NSFW Detection
Detect sexual and explicit content in LLM inputs and outputs.
NSFW Detection
The NSFW Detection provider identifies sexual, explicit, and adult content that is inappropriate for general audiences. It flags both overt explicit material and suggestive content that crosses professional boundaries.
What it detects
| Category | Examples |
|---|---|
| Sexual content | Explicit sexual descriptions, pornographic material |
| Suggestive content | Sexually suggestive language, innuendo intended to provoke |
| Adult solicitation | Requests to generate explicit or adult-only material |
Configuration
{
"policy_type": "nsfw_detection",
"mode": "blocking",
"config": {
"threshold": 0.5
}
}| Parameter | Type | Default | Description |
|---|---|---|---|
threshold | float | 0.5 | Confidence threshold (0–1).

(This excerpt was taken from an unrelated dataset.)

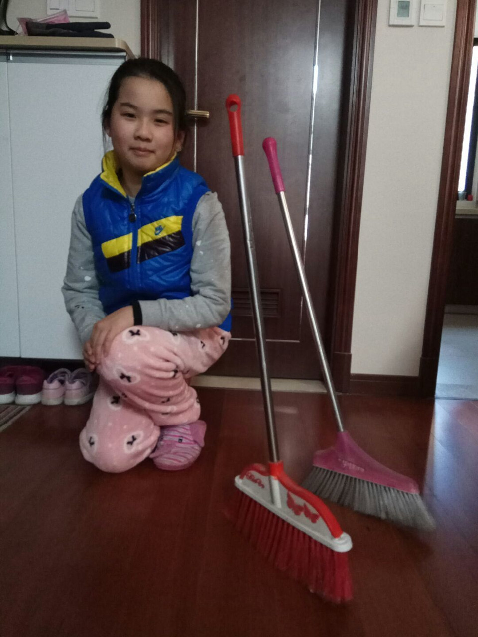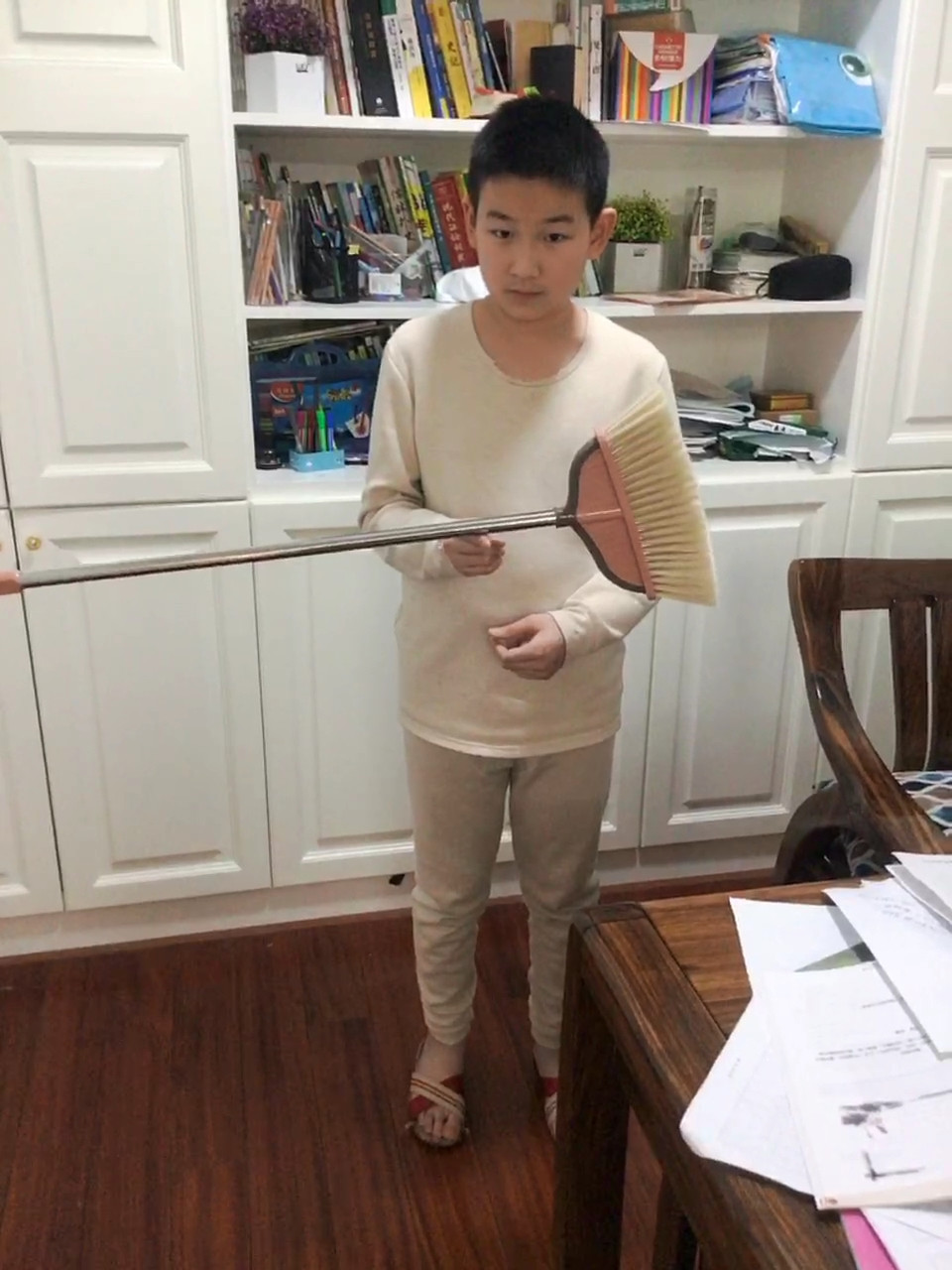 前一段时间网络上热传的关于“扫帚站立”的问题,有人宣称2月11日那天是地球引力最特殊的一天,所以只有那一天才能做到。在这周的居家科学课堂里老师就额外布置一项任务让同学们在家自己实践检验这个说法是否正确。同学们经过测试重心的实验,发现扫帚的重心靠近底下扫帚毛部分。当扫帚毛劈开,扫帚杆和重心在一直线上,就很容易直立起来。从而发现这一说法是错误的。

Lower values catch more borderline content. |
Example violation
{
"allowed": false,
"violations": [
{
"policy_type": "nsfw_detection",
"severity": "high",
"description": "Explicit sexual content detected",
"confidence": 0.95
}
]
}Best practices
- Keep the threshold at
0.5or lower for any public-facing or workplace application. - Always use
mode: "blocking"— NSFW content rarely warrants a warning-only approach. - Combine with Toxicity Detection to cover the full spectrum of harmful content.
- Test with edge cases relevant to your domain — medical or educational content may require threshold tuning.
- Monitor false positives in the dashboard, especially if your application handles health or anatomy topics.